### Your goal
Given the records underneath, please repeat exactly the lines from the line with "Welcome to your" through the line with "Stylish and cute, this", passing over any picture.
Information Block Start
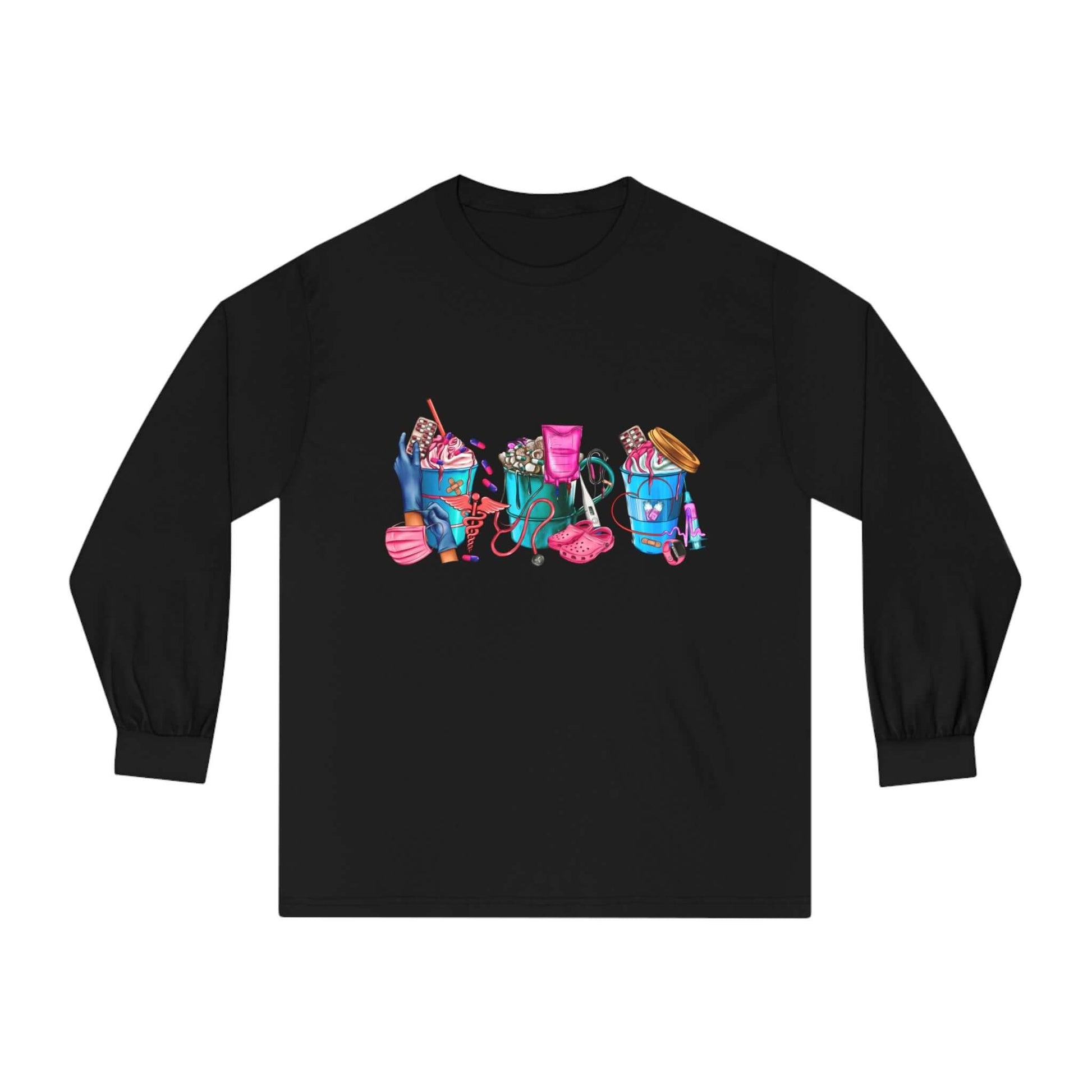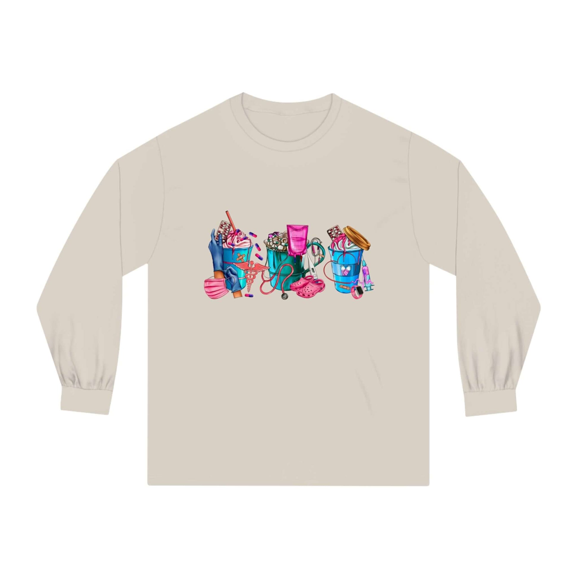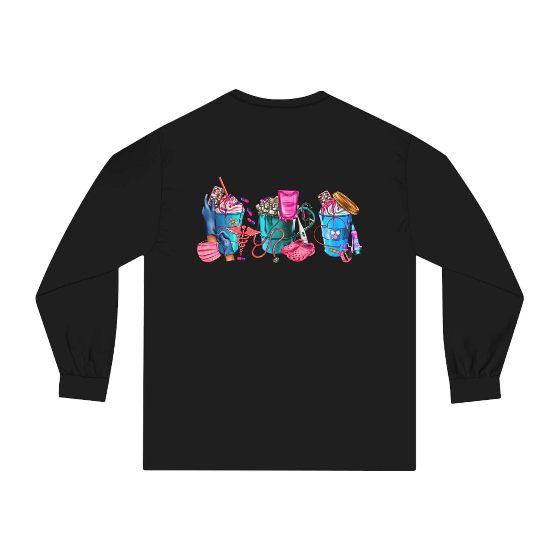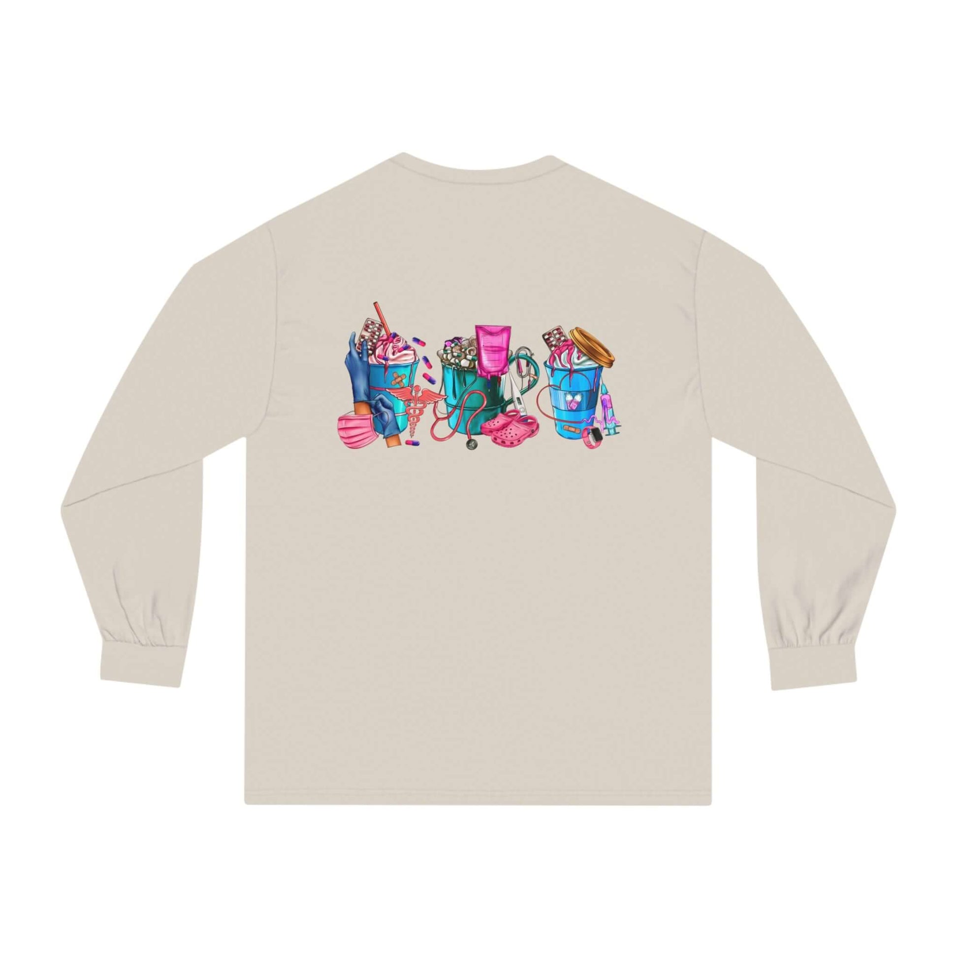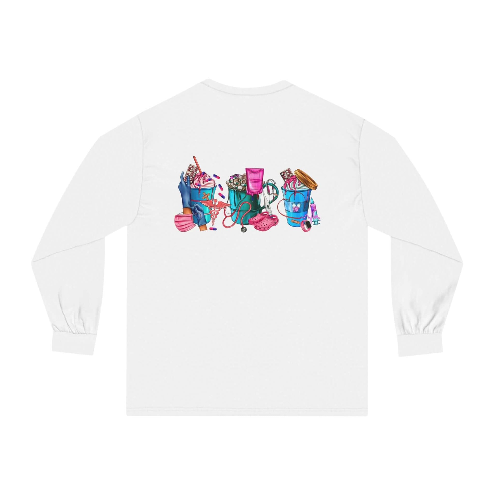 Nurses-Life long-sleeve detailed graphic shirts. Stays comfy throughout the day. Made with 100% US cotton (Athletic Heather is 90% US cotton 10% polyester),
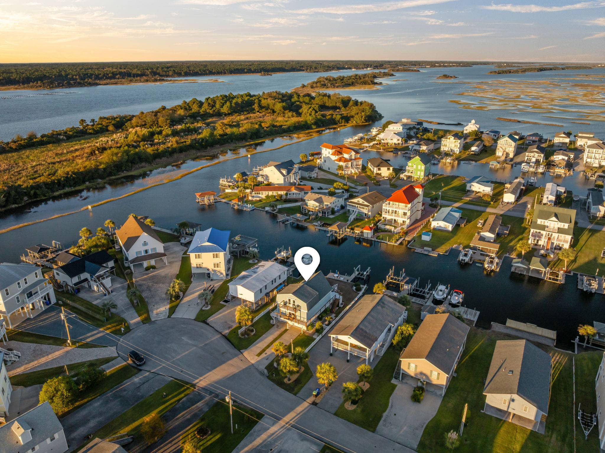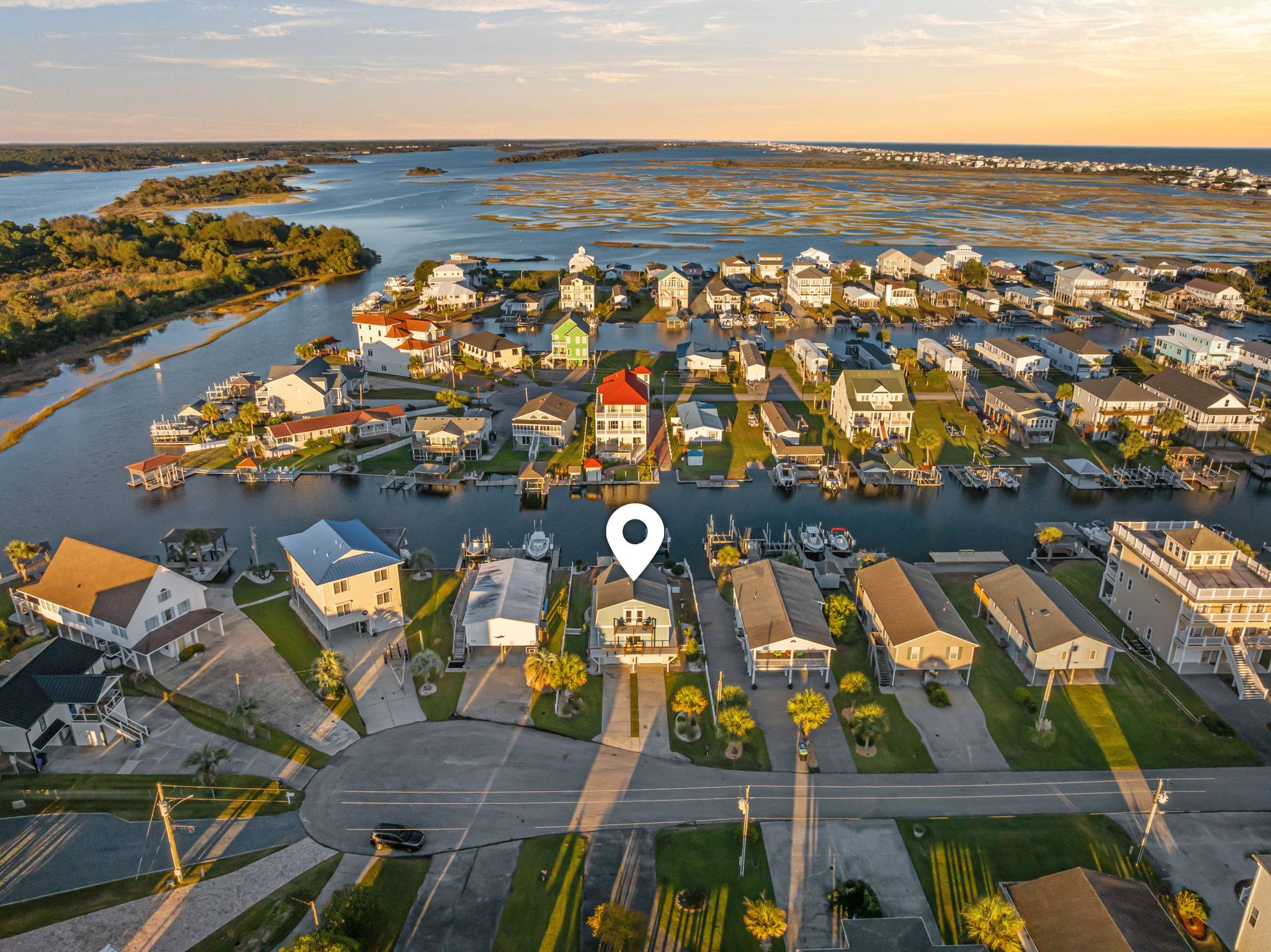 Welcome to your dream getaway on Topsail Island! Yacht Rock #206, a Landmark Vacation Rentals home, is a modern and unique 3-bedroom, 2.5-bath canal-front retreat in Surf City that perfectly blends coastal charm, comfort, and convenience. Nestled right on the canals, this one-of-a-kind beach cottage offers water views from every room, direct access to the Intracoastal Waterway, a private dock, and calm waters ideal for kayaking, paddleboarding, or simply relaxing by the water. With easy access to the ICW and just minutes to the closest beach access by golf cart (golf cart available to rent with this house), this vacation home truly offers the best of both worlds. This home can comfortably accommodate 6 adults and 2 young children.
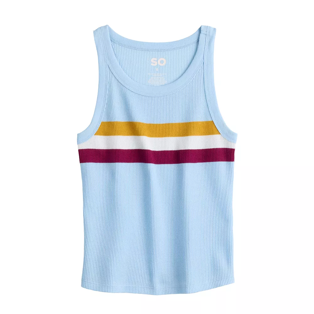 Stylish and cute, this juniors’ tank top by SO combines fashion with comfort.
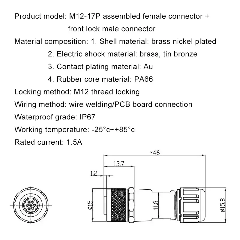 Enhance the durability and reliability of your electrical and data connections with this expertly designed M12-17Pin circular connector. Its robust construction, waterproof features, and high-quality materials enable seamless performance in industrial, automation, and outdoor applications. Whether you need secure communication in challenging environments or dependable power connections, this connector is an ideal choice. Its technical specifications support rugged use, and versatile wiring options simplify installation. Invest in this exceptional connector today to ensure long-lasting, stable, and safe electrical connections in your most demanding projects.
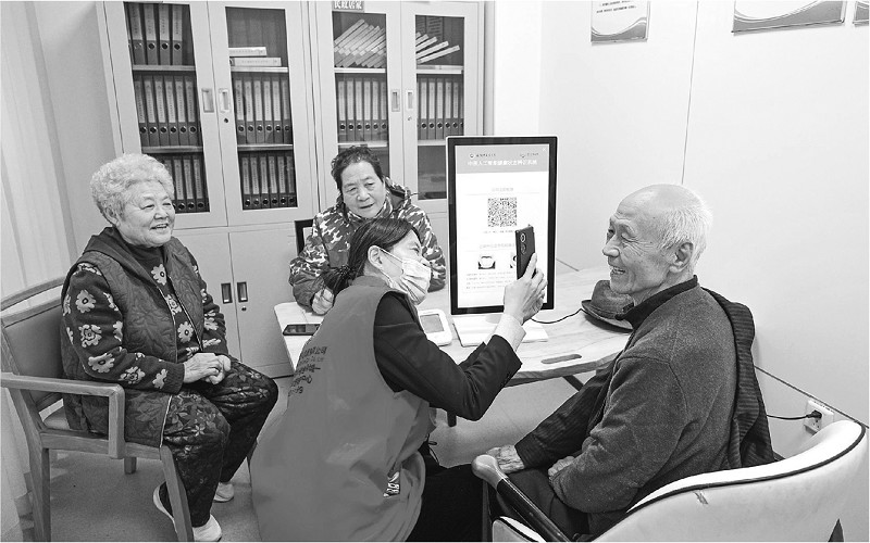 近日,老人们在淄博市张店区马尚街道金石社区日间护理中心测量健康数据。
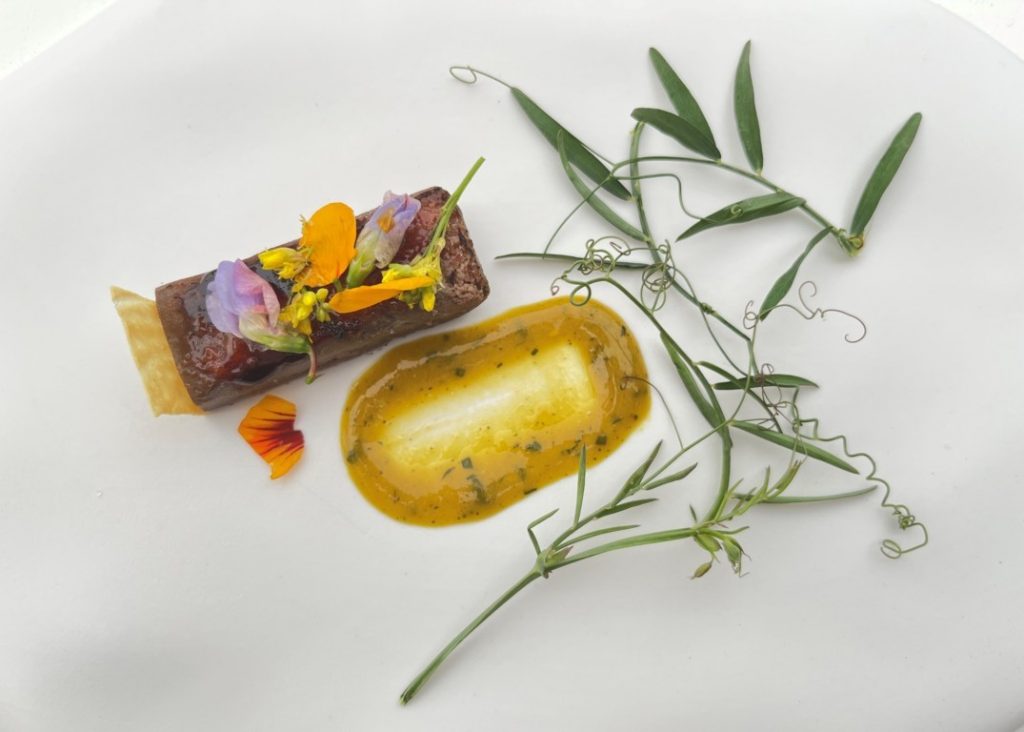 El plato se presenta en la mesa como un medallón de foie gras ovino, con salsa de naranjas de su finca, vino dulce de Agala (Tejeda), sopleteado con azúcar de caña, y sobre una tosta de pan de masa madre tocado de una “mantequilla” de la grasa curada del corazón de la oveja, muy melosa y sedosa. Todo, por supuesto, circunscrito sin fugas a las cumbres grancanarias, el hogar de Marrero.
Information Block End
### Solution to this exercise
 Welcome to your dream getaway on Topsail Island! Yacht Rock #206, a Landmark Vacation Rentals home, is a modern and unique 3-bedroom, 2.5-bath canal-front retreat in Surf City that perfectly blends coastal charm, comfort, and convenience. Nestled right on the canals, this one-of-a-kind beach cottage offers water views from every room, direct access to the Intracoastal Waterway, a private dock, and calm waters ideal for kayaking, paddleboarding, or simply relaxing by the water. With easy access to the ICW and just minutes to the closest beach access by golf cart (golf cart available to rent with this house), this vacation home truly offers the best of both worlds. This home can comfortably accommodate 6 adults and 2 young children.
 Stylish and cute, this juniors’ tank top by SO combines fashion with comfort.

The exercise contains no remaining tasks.